Once a documentation index is built, you can share it with teammates without requiring everyone to scrape the same sources again. This is especially useful for large frameworks or internal documentation portals.

Set the server to read-only mode so that team members can query the index but cannot accidentally modify or reindex it:

DOCS_MCP_READ_ONLY=true DOCS_MCP_STORAGE_PATH=/Users/drfits/develop/mcp_servers/documentation_store npx @arabold/docs-mcp-server@latest

In this mode, the server loads the existing index from DOCS_MCP_STORAGE_PATH and disables all write operations. Use the same path you configured earlier with app.storePath.

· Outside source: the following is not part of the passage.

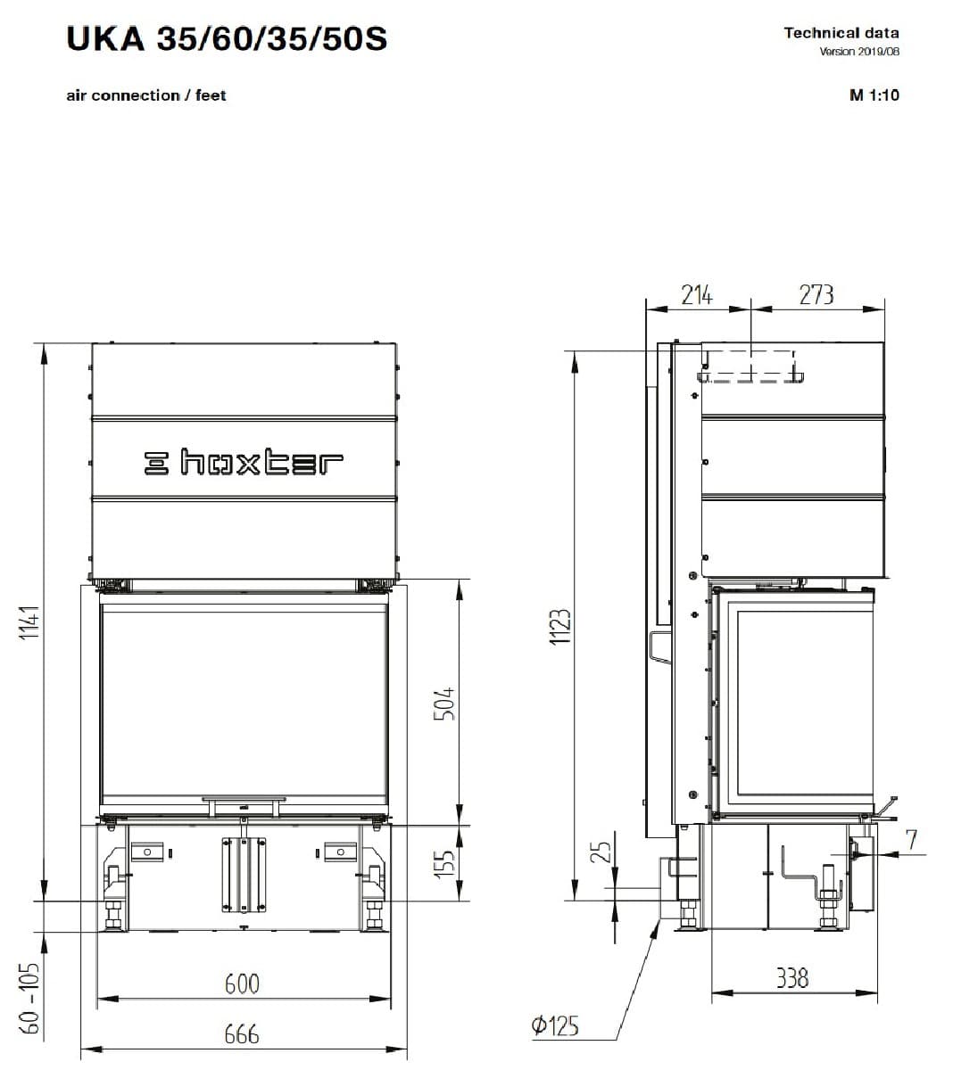 Габаритные размеры Каминная топка UKA 35/60/35/50Sh

To distribute the index, place the store directory on a shared cloud drive. Any service that syncs a local folder works:

OneDrive
Google Drive
Yandex Disk

One team member performs the initial indexing with write access. After the first sync completes, everyone else points their app.storePath to the synced folder and launches the server in read-only mode. This gives the entire team a consistent, up-to-date documentation source without duplicate network traffic or API costs.

Conclusion

Grounded Docs MCP Server brings local RAG to any AI coding assistant. By indexing documentation on your own hardware and exposing it through MCP, you eliminate outdated knowledge and keep your agent grounded in the exact APIs and versions you use. The cross-platform support, free open-source license, and ability to share indexes across teams make it a practical addition to any development workflow.

Start with Ollama and bge-m3 for a fully offline setup, or use OpenAI embeddings for a lighter cloud-backed configuration. Either way, your AI agent will finally have documentation it can trust.